They must also overcome the stiffening of their lipid cell membrane, as this is important for the survival and functionality of these organisms. To accomplish this, psychrophiles adapt lipid membrane structures that have a high content of short, unsaturated fatty acids. Compared to longer saturated fatty acids, incorporating this type of fatty acid allows for the lipid cell membrane to have a lower melting point, which increases the fluidity of the membranes. This adaptation helps maintain proper membrane function in cold environments by preventing rigidity and ensuring that essential cellular processes can continue efficiently. In addition, carotenoids are present in the membrane, which help modulate the fluidity of it.

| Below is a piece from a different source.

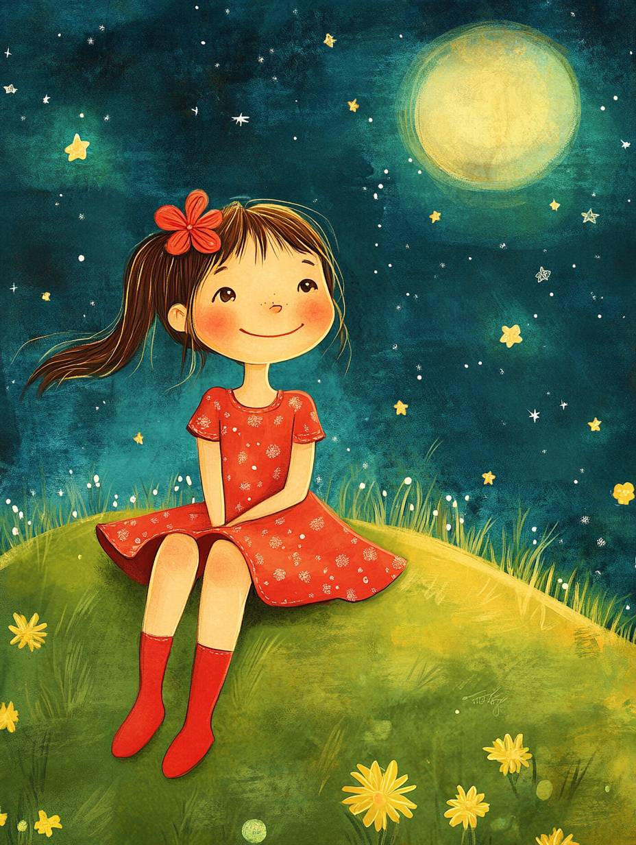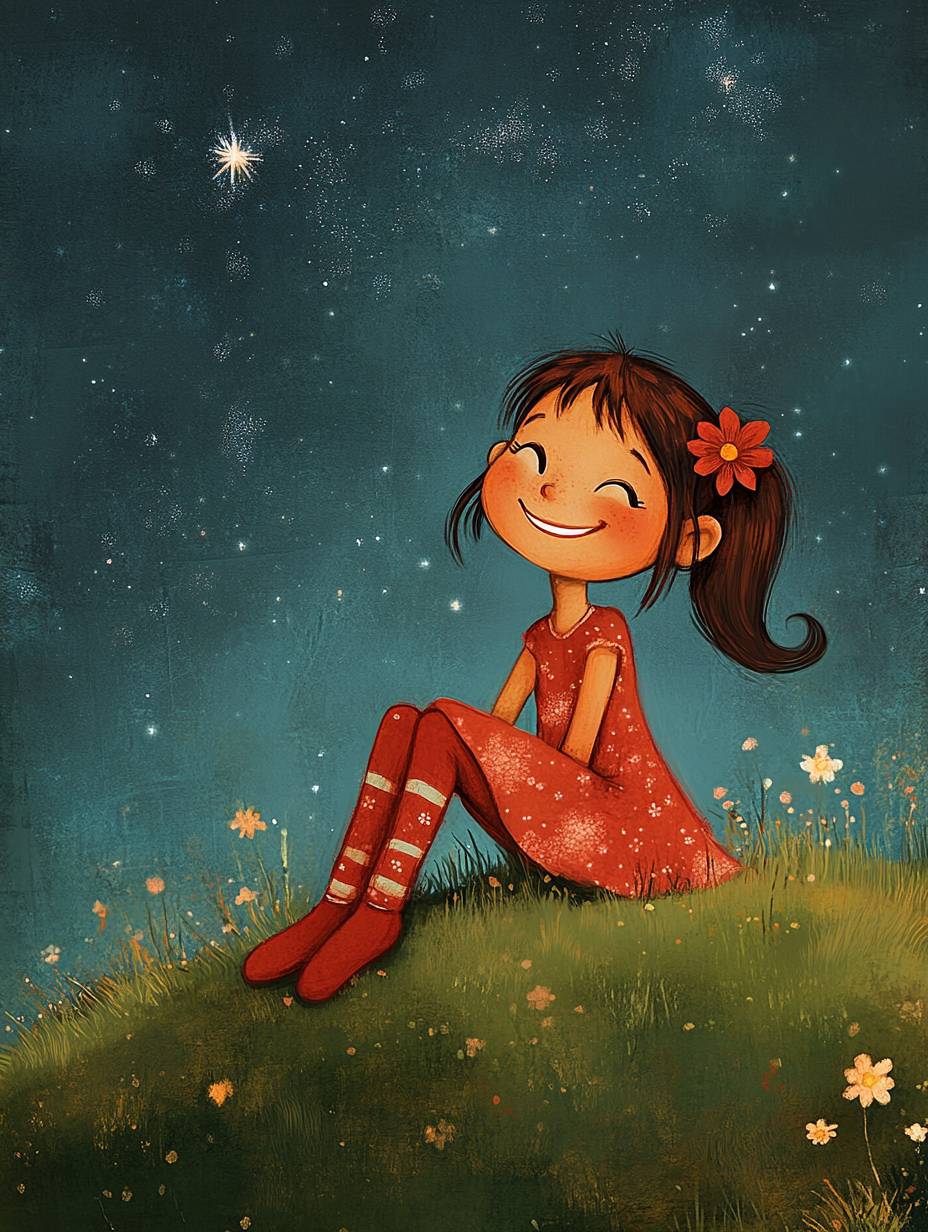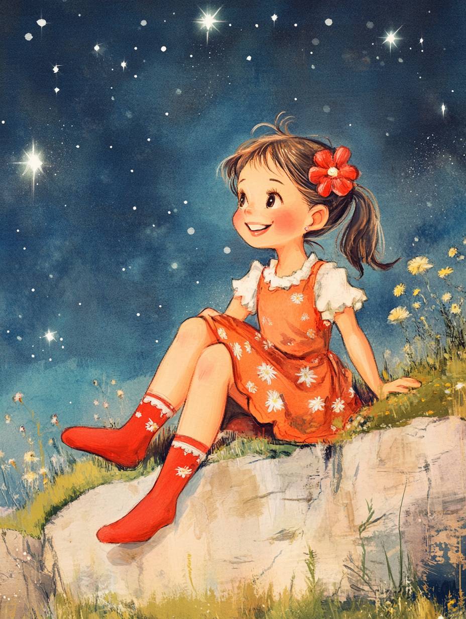 An illustration from a children's story. On a grassy hill in summer, a charming little girl is sitting smiling, wearing a red summer dress and red socks. She has a red flower hairpin, which holds her hair in a ponytail. Season of the year summer. She is sitting on the summer grassy hill of the canyon with a starry sky behind her, all in a whimsical fairy tale style --ar 3:4 --v 6.1

Antifreeze proteins are also synthesized to keep psychrophiles' internal space liquid, and to protect their DNA when temperatures drop below water's freezing point. By doing so, the protein prevents any ice formation or recrystallization process from occurring.

The enzymes of these organisms have been hypothesized to engage in an activity-stability-flexibility relationship as a method for adapting to the cold; the flexibility of their enzyme structure will increase as a way to compensate for the freezing effect of their environment.

Cold adapted enzymes produced by psychrophiles exhibit high catalytic efficiency at low temperatures but reduced thermal stability, allowing metabolic processes to occur efficiently in cold environments

Certain cryophiles, such as Gram-negative bacteria Vibrio and Aeromonas spp., can transition into a viable but nonculturable (VBNC) state. During VBNC, a micro-organism can respire and use substrates for metabolism – however, it cannot replicate. An advantage of this state is that it is highly reversible. It has been debated whether VBNC is an active survival strategy or if eventually the organism's cells will no longer be able to be revived. There is proof however it may be very effective – Gram positive bacteria Actinobacteria have been shown to have lived about 500,000 years in the permafrost conditions of Antarctica, Canada, and Siberia. Due to their ability to retain their enzymes at low temperatures, psychrophilic microorganisms are being examined to find biotechnological and industrial applications, such as food processing, detergents, pharmaceuticals, and environment bioremediation.

===Taxonomic range===
Psychrophiles include bacteria, lichens, snow algae, phytoplankton, fungi, and insects.

Among the bacteria that can tolerate extreme cold are Arthrobacter sp., Psychrobacter sp. and members of the genera Halomonas, Pseudomonas, Hyphomonas, and Sphingomonas. Species of Acinetobacter, Aerococcus, Flavobacterium, Listeria, Pseudomonas, Serratia, and Yersinia are commonly present in animal-derived foods. Another example is Chryseobacterium greenlandensis, a psychrophile that was found in 120,000-year-old ice.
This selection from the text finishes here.